Training and validation performance in training and validation performance, as demonstrated by the Loss Over Epochs (Fig. 20) plot, the model training loss has a decreasing trend, whereas validation loss has an irregular distribution indicating the possibility of overfitting in the later epochs. In the same manner, the Accuracy Over Epochs (Fig. 21) indicates that the training and validation accuracy are on the rise, and the validation accuracy levels off at 0.86.
Fig. (20). Loss over epochs.
Fig. (21). Accuracy over epochs.
Model Metrics:
- Precision and Recall: Precision for “Not Looking Ahead” was 0.88, and recall was 0.93. For “Looking Ahead,” precision was 0.83, and recall was 0.72.
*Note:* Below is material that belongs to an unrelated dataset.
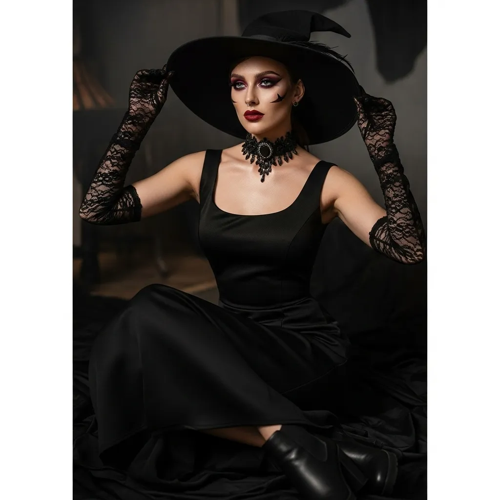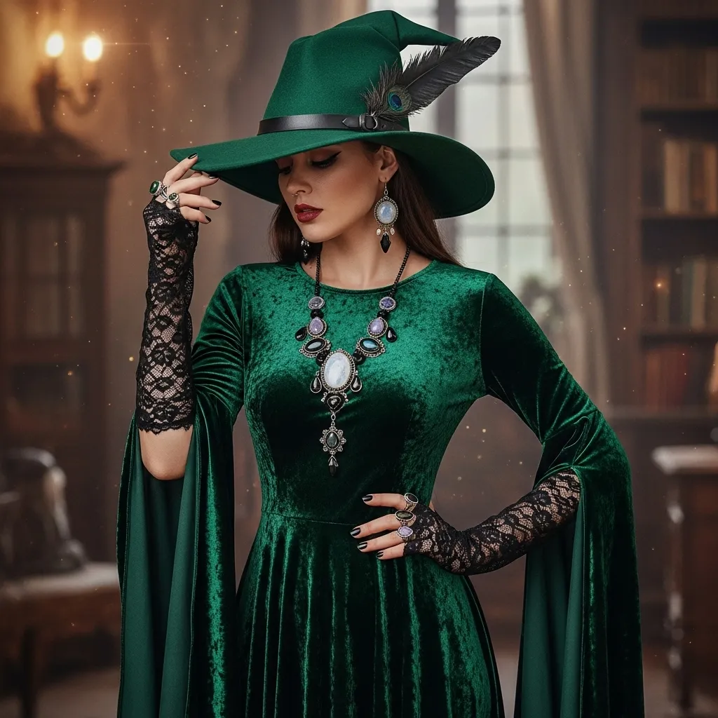 The base outfit often includes a velvet dress—fitted or flowing depending on preference. Dark colors like black, emerald, or plum give a magical aura. The classic wide-brim hat is essential, but modern versions feature lace, feathers, or sequins for extra flair.Accessories transform the costume. Gemstone jewelry (amethyst, onyx, or moonstone), lace gloves, and ornate belts elevate the look. Props like crystal balls, broomsticks, or spell books add narrative and fun.

- Test Loss and Accuracy: The test loss was 0.3381, with a corresponding test accuracy of 0.8635.
- Recall at FPR ≤ 1%: The model achieved perfect recall of 1.0000 at a false positive rate (FPR) ≤1%.
- Brier Score: 0.0995, indicating very good probability calibration.
- Latency: The MobileNetV2 (Dual Eye) model achieved a latency of 5615.15 ms per sample.
- Throughput: The model demonstrated a throughput of 0.18 FPS.
Finally, the model of MobileNetV2 (Dual Eye) is of a high level, and accuracy, as well as high levels of precision, recall and AUC, are reached 86%. It is especially applicable in cases where correct and consistent predictions are needed, even though overfitting can occur in small amounts when training. More optimization may be beneficial in augmenting its generalization.
4.4. Model Comparison
This part of the paper compares the performance of three models Convolutional Neural Network (CNN), MobileNetV2 (Single Eye), and MobileNetV2 (Dual Eye) based on different evaluation criteria Table 1. The classification capability of each model of Looking Ahead vs. Not Looking Ahead is evaluated, and their advantages and disadvantages are discussed. CNN model gives a good classification performance with test accuracy of 73.23, AUC is 0.81 and high recall when FPR is less than 1% (0.9990). It however displays certain overfitting since the validation loss variation reflects, which means that it should be further optimized. The model has a balanced accuracy and recall (0.73 in each of the two classes). MobileNetV2 (Single Eye) model has a test accuracy of 75.02, and slightly lower AUC of 0.80. This model has a high recall but a low precision especially when it comes to the “Looking Ahead” class, which has a high recall as compared to precision. This problem is noted by the precision-recall curve yet the model still recalls very well at FPR 1 = 0.9996. MobileNetV2 (Dual Eye) model performs better than the CNN model as well as MobileNetV2 (Single Eye) model with highest test accuracy of 86.35%. It has also got a high AUC of 0.93 that indicates excellent discriminative ability. The model has a good balance in regard to precision-recall especially having an average precision of 0.87 and a significant recall of 0.72 when it comes to the “Looking Ahead” class.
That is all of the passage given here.